No se detectaron en ninguna de las poblaciones anali-zadas los haplogrupos Q1a2a1a1a-M19, Q1a2a1a1b-M194, Q1a2a1a1c-M199-P292, Q1a2a1a1e-SA01 ni C-M130 (Figura 2).
Diversidad genética patrilineal indígena. La distribución de las frecuencias alélicas de las 8 poblaciones amerindias del occidente colombiano es mostrada (Tabla 2S, https://www.raccefyn.co/index.php/raccefyn/article/downloadSuppFile/476/2149). El microsatélite con el mayor número de alelos fue DYS385a/b, los Y-STRs DYS19 y DYS437 fueron los de menor número de alelos. La heterocigosidad esperada promedio más baja fue la del DYS635 (0,231), el cual llegó a valores de cero en las comunidades Emberá duma y Coconuco, otros marcadores que de modo similar presentaron heterocigosidades bajas fueron DYS438 (0,238), DYS19 (0,270), DYS437 (0,275) y DYS392 (0,399) y la heterocigosidad más alta fue DYS456 (0,717), valor que no varió mucho entre las etnias (s.d. 0,035) (Tabla 3S, https://www.raccefyn.co/index.php/raccefyn/article/downloadSuppFile/476/2150).

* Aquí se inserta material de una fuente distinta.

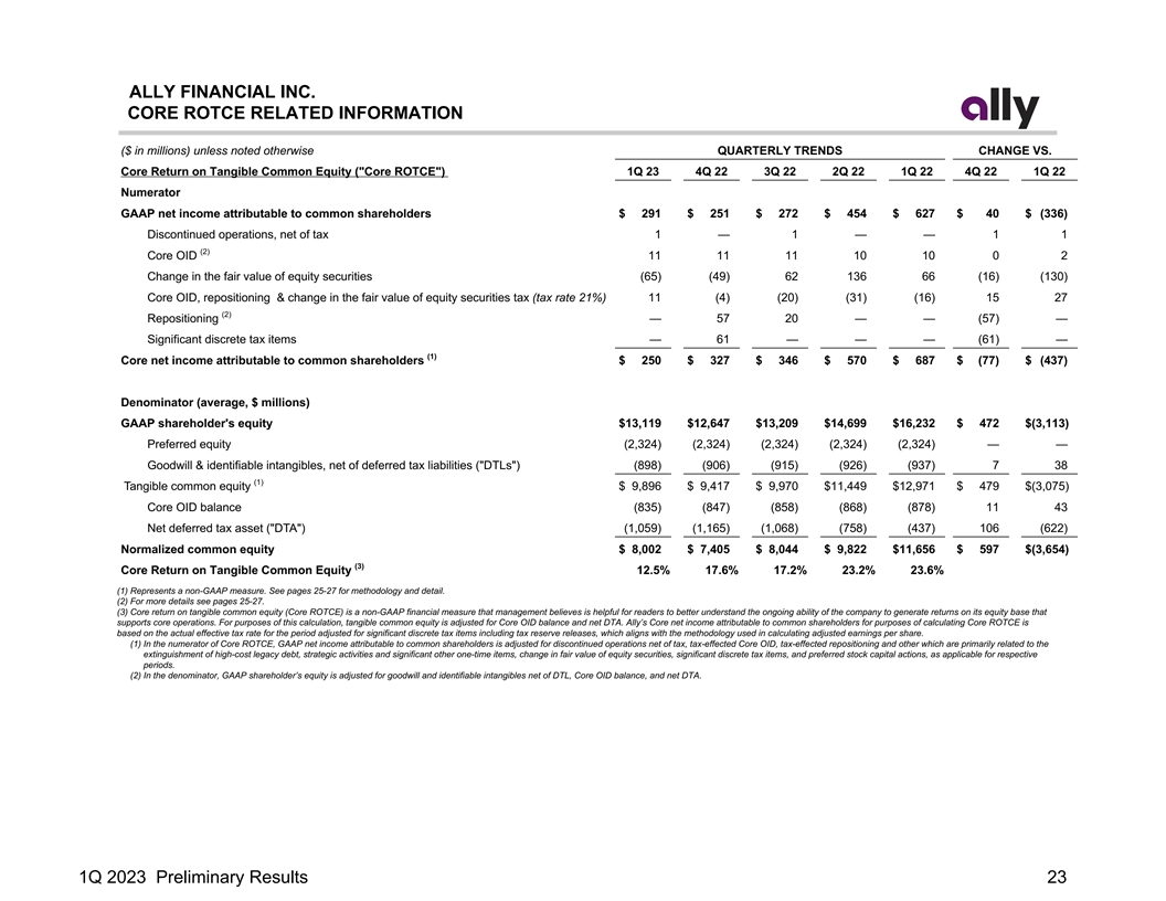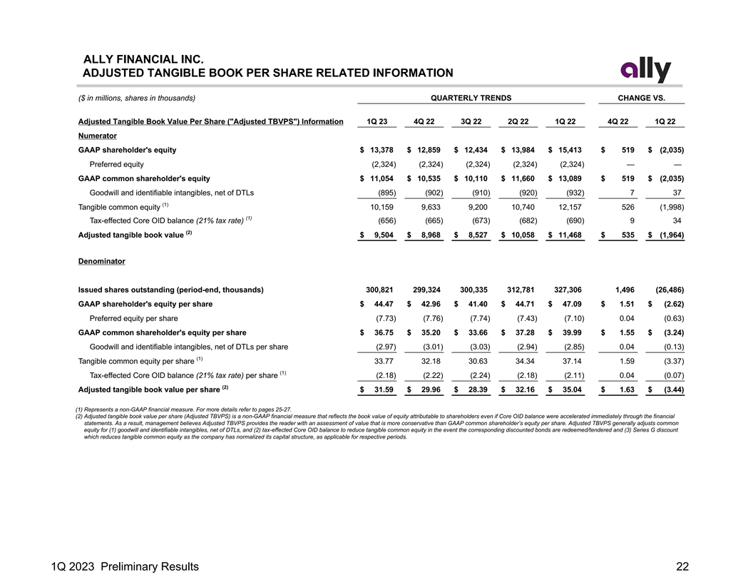 ALLY FINANCIAL INC. ADJUSTED TANGIBLE BOOK PER SHARE RELATED INFORMATION ($ in millions, shares in thousands) QUARTERLY TRENDS CHANGE VS. Adjusted Tangible Book Value Per Share ( Adjusted TBVPS ) Information 1Q 23 4Q 22 3Q 22 2Q 22 1Q 22 4Q 22 1Q 22 Numerator GAAP shareholder's equity $ 13,378 $ 12,859 $ 12,434 $ 13,984 $ 15,413 $ 519 $ (2,035) Preferred equity (2,324) (2,324) (2,324) (2,324) (2,324) — — GAAP common shareholder's equity $ 11,054 $ 10,535 $ 10,110 $ 11,660 $ 13,089 $ 519 $ (2,035) Goodwill and identifiable intangibles, net of DTLs (895) (902) (910) (920) (932) 7 37 (1) Tangible common equity 10,159 9,633 9,200 10,740 12,157 526 (1,998) (1) Tax-effected Core OID balance (21% tax rate) (656) (665) (673) (682) (690) 9 34 (2) Adjusted tangible book value $ 9,504 $ 8,968 $ 8,527 $ 10,058 $ 11,468 $ 535 $ (1,964) Denominator Issued shares outstanding (period-end, thousands) 300,821 299,324 300,335 312,781 327,306 1,496 (26,486) GAAP shareholder's equity per share $ 44.47 $ 42.96 $ 41.40 $ 44.71 $ 47.09 $ 1.51 $ (2.62) Preferred equity per share (7.73) (7.76) (7.74) (7.43) (7.10) 0.04 (0.63) GAAP common shareholder's equity per share $ 36.75 $ 35.20 $ 33.66 $ 37.28 $ 39.99 $ 1.55 $ (3.24) Goodwill and identifiable intangibles, net of DTLs per share (2.97) (3.01) (3.03) (2.94) (2.85) 0.04 (0.13) (1) Tangible common equity per share 33.77 32.18 30.63 34.34 37.14 1.59 (3.37) (1) Tax-effected Core OID balance (21% tax rate) per share (2.18) (2.22) (2.24) (2.18) (2.11) 0.04 (0.07) (2) Adjusted tangible book value per share $ 31.59 $ 29.96 $ 28.39 $ 32.16 $ 35.04 $ 1.63 $ (3.44) (1) Represents a non-GAAP financial measure. For more details refer to pages 25-27. (2) Adjusted tangible book value per share (Adjusted TBVPS) is a non-GAAP financial measure that reflects the book value of equity attributable to shareholders even if Core OID balance were accelerated immediately through the financial statements. As a result, management believes Adjusted TBVPS provides the reader with an assessment of value that is more conservative than GAAP common shareholder’s equity per share. Adjusted TBVPS generally adjusts common equity for (1) goodwill and identifiable intangibles, net of DTLs, and (2) tax-effected Core OID balance to reduce tangible common equity in the event the corresponding discounted bonds are redeemed/tendered and (3) Series G discount which reduces tangible common equity as the company has normalized its capital structure, as applicable for respective periods. 1Q 2023 Preliminary Results22

Entre las muestras del presente estudio, la población de Pastos presentó dos haplotipos del haplogrupo Q1a2a1a1*- M3 con duplicaciones del Y-STR DYS448. A objeto de procesar los datos en los programas estadísticos, estos alelos se tomaron como perdidos.
Adicionalmente, fueron observados los siguientes alelos privados: en Pastos el alelo 20 de DYS389II, en Awakuaiker el 14 de DYS439 y el 19 de DYS458, en Emberá duma el 9 de DYS391, en Guambianos el 21 de DYS635, el 12 de DYS392 y 9 de DYS438, en Coyaimas el 24 de DYS635 y se destacan los Nasa con seis alelos privados, DYS456 alelo 11 y 13, DYS390 alelo 21, DYS458 alelo 13, DYS393 alelo 11 y DYS448 alelo 23 (Tabla 2S). Las muestras Yanaconas con origen amerindio no fueron analizadas, pues presentaron un número muy bajo de individuos como para ser significativos estadísticamente.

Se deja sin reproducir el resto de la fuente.